%%

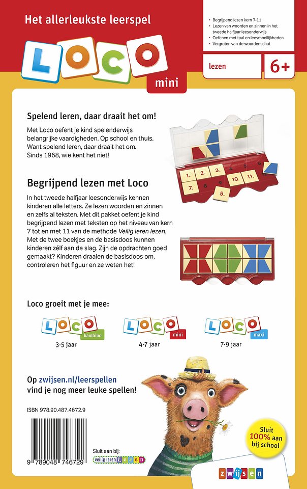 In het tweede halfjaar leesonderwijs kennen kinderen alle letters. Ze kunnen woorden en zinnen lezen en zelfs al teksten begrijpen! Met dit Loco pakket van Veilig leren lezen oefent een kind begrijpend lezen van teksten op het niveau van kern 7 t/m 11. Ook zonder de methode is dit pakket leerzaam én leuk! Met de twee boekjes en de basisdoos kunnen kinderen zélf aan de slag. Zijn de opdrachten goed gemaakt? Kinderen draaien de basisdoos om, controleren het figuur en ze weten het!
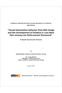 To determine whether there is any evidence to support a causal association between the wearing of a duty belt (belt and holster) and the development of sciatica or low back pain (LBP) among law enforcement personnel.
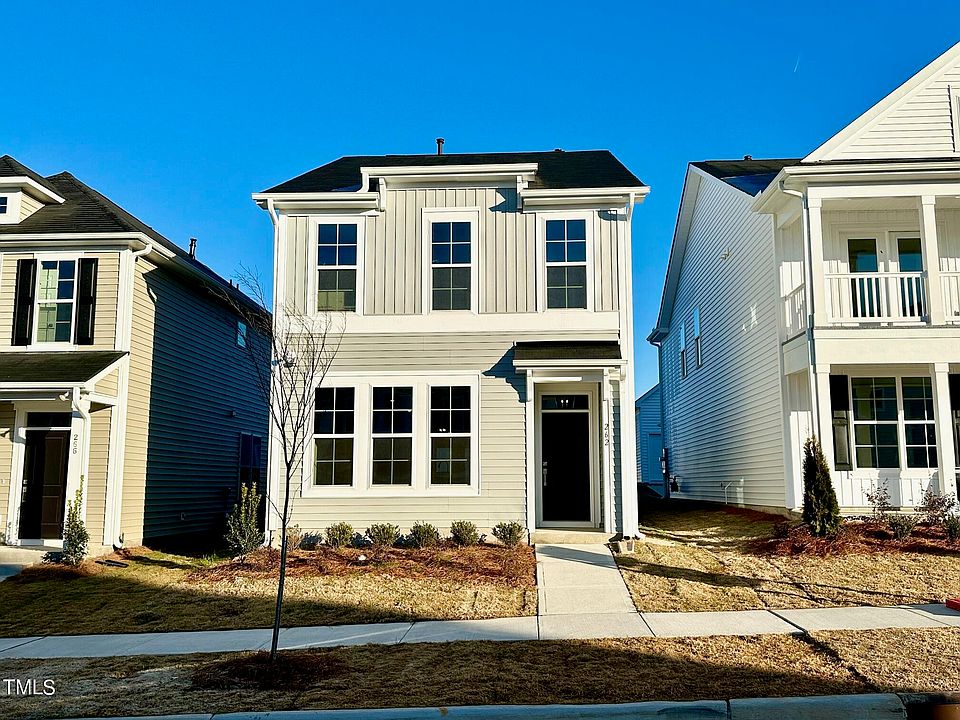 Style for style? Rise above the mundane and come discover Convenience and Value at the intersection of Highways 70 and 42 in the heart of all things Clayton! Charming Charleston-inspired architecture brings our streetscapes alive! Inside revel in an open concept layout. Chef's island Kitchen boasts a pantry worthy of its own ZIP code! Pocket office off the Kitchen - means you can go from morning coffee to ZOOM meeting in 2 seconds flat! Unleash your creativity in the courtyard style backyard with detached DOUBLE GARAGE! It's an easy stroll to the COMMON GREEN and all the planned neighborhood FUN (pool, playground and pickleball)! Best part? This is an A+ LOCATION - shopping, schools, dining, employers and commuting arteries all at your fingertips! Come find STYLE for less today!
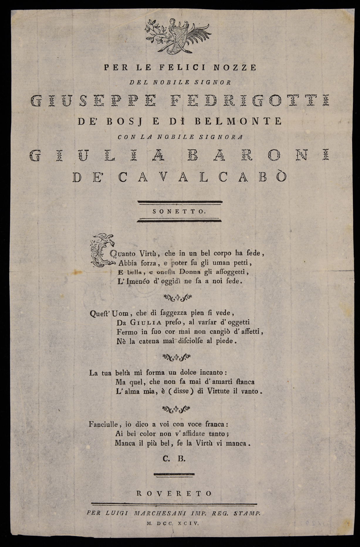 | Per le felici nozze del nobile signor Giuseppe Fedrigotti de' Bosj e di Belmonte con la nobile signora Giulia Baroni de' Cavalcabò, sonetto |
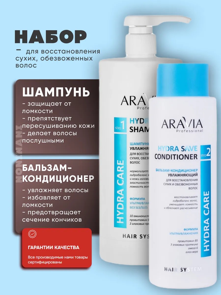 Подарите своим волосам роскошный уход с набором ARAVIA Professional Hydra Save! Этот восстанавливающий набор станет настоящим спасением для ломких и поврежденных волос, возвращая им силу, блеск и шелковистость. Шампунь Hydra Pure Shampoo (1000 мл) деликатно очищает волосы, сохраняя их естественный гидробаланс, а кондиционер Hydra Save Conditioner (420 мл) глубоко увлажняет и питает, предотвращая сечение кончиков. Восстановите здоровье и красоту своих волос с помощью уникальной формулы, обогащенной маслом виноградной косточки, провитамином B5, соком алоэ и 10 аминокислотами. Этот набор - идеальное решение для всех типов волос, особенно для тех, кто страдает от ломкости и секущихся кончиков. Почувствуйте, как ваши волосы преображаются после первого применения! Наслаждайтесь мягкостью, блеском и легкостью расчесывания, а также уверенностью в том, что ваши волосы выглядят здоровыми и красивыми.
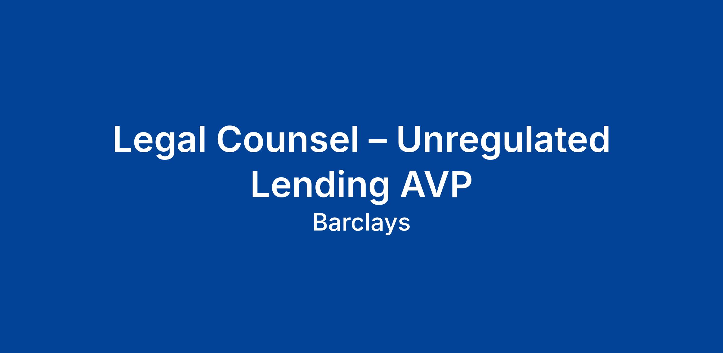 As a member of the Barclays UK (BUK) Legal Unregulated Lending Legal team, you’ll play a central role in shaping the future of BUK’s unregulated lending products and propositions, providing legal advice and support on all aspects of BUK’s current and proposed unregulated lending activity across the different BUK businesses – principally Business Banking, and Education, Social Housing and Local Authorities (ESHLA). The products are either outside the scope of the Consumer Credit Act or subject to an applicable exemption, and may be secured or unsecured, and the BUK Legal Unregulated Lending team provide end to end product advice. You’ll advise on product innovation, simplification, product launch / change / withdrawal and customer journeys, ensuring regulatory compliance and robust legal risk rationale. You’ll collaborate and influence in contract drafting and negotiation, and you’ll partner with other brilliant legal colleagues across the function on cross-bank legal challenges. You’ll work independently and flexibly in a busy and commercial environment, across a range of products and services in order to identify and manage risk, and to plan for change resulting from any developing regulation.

%%

■ TASK INSTRUCTIONS
What you give back must match the lines from the start of the records through the line that contains "Cavalcabò, sonetto |", exactly, with the pictures left out.

■ SOLUTION TO THIS EXERCISE
 In het tweede halfjaar leesonderwijs kennen kinderen alle letters. Ze kunnen woorden en zinnen lezen en zelfs al teksten begrijpen! Met dit Loco pakket van Veilig leren lezen oefent een kind begrijpend lezen van teksten op het niveau van kern 7 t/m 11. Ook zonder de methode is dit pakket leerzaam én leuk! Met de twee boekjes en de basisdoos kunnen kinderen zélf aan de slag. Zijn de opdrachten goed gemaakt? Kinderen draaien de basisdoos om, controleren het figuur en ze weten het!
 To determine whether there is any evidence to support a causal association between the wearing of a duty belt (belt and holster) and the development of sciatica or low back pain (LBP) among law enforcement personnel.
 Style for style? Rise above the mundane and come discover Convenience and Value at the intersection of Highways 70 and 42 in the heart of all things Clayton! Charming Charleston-inspired architecture brings our streetscapes alive! Inside revel in an open concept layout. Chef's island Kitchen boasts a pantry worthy of its own ZIP code! Pocket office off the Kitchen - means you can go from morning coffee to ZOOM meeting in 2 seconds flat! Unleash your creativity in the courtyard style backyard with detached DOUBLE GARAGE! It's an easy stroll to the COMMON GREEN and all the planned neighborhood FUN (pool, playground and pickleball)! Best part? This is an A+ LOCATION - shopping, schools, dining, employers and commuting arteries all at your fingertips! Come find STYLE for less today!
 | Per le felici nozze del nobile signor Giuseppe Fedrigotti de' Bosj e di Belmonte con la nobile signora Giulia Baroni de' Cavalcabò, sonetto |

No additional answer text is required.